I am an international student in the last year of a Master Program and I'm applying this fall to Econ PhDs.

My undergraduate/graduate background is not that excellent but neither so poor: I took uni/multivariate calculus, linear algebra, differential equations, mathematical statistics, multivariate statistics, basic topology, static and dynamic optimization, bayesian inference theory.

My graduate advisor suggested me to improve my math background in order to increase my admission chances; the point is that I need to rigorously study Real Analysis, at least at the undergraduate level.

Therefore as part of my "free credits" I chose to take a course in the Math/Physics school, in mathematical analysis. This course deals with functional analysis in R^n, some measure theory, Lebesgue integration and further advanced stuff with many applications in Physics.

With the support of my graduate advisor I spoke with the Math Professor of this course in order to set a personalized program for me and another girl coming from the MS in Economics (and willing to applying to PhDs) - since these are "free credits" we are allowed to do this. The Math Professor advice was this: to stop attending the course after Lebesgue integration and to make a personalized oral examination over about HALF of the course programme PLUS an additional part from RUDIN's book according to our personal needs in Real Analysis. I and this girl will study alone this additional part, however the Prof. is available to explain us what is not very clear in the office hours.

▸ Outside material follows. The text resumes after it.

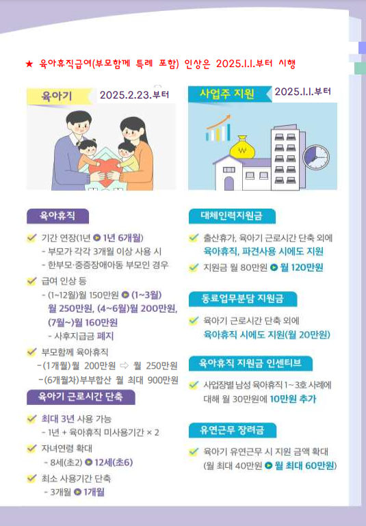 육아휴직 급여 (부모함께 특례 포함) 인상은 2025년 1월 1일부터 시행

Since the work I am doing I think will show up in some LoR (perhaps the one of my graduate advisor who is in touch with the Math Prof.) I want to do it well. The point is that I basically have to choose the topics I have to study alone. The math Prof. suggested them to be L^p spaces and Fourier series. However I do not believe these are the most useful for an Economics-oriented student. What do you guys suggest?!

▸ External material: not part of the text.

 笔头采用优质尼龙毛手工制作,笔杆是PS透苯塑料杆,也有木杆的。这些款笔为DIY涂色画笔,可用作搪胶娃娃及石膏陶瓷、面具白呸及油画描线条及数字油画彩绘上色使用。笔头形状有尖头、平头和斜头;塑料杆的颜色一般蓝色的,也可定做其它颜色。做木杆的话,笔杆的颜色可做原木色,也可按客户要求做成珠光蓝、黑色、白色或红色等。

The point is that I have to discuss with this prof. primarily the book I have to study on. Which one do you suggest?

Principles of Mathematical Analysis by W. Rudin
Principles of Mathematical Analysis by Walter Rudin - Math Books at Apronus.com (http://www.apronus.com/math/rudinreal.htm)

which is simpler but still covers rigorously many topics I always did not very formally (i.e. set theory, sequences etc.) OR

Real and Complex Analysis by W. Rudin
Real and Complex Analysis by Walter Rudin - Math Books at Apronus.com (http://www.apronus.com/math/rudincomplex.htm)

I understand doing the second would be better, but I don't want it to be too hard, especially when it is better for me to make more rigorously some previous stuff.

My question on the two books is: on which of them did you guys (you who studied undergraduate Real Analysis) study on?! Which of them corresponds more to a "standard" undergraduate course in Real Analysis?!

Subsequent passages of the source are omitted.